Старая церковь Рождества Богородицы? Она должна сохраняться до полного окончания строительства собора.
«О, когда-то это случится? – вопрошал себя Воронихин. – Нужны сотни и сотни рабочих рук – государь торопит, но торопиться нельзя…» А откачивать воды из Екатерининского канала? А искать камень – и это главное! – из которого возводить колонны… Без Мэри, которая обладает чутьем на залегание камней, мрамора, работать нельзя.
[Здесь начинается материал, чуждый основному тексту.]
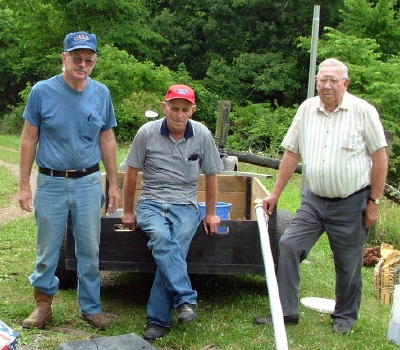 ![]() Left to Right - Stan Norman, Albert Tanner and Victor Whytsell Story and photos by Judy Kerns On June 20, 2006, the Grantsville V.F.W. Post 5959 represented by Victor Whytsell, Albert Tanner, and Stan Norman remembered area veterans by setting a flagpole in the Miller Cemetery at Shock, West Virginia. Local veterans, Jack Miller (Korean Conflict) and Vernon Kerns (Vietnam) joined the three V.F.W. volunteers. Also present were Diana Miller and Judy Kerns. Upon completion of setting the flagpole, a short dedication ceremony was held in honor of all who have served our country. The American Veteran, written and read by Vernon D. Miller, was played. The ceremony was concluded with a scripture reading and prayer by Vernon Kerns. Lunch was served to the group. Special memories today of veterans of our area who are laid to rest in this cemetery: Brooks Wolfe (WW II & Korean), Clayton Wolfe (WWII), Clarence Collins (WW I), Orbert Miller (WW II), Dale Nicholas (Korean), Meredith Minney (Vietnam), Clifford Varner (WWII) and Earl Miller (WWII). In recognition and appreciation of the community service of the V.F.W Post 5959, a framed copy of The American Veteran will be presented to the local group.

Как ни был Воронихин поглощен своими мыслями – все же граф пригласил его на завтрашний день, и придется отставить главную мысль – явиться во дворец.
Вокруг дворца уже были выставлены столы с яствами для всех проходящих или нуждающихся. Правда, здесь были кушанья попроще, а во дворце столы ломились от вкуснейших блюд, даже, можно сказать, невиданных. Например, были «пармазаны с ананасами», «губы сома» или «Сарданапалова бомба». И никто не мог угадать их замысловатое содержимое.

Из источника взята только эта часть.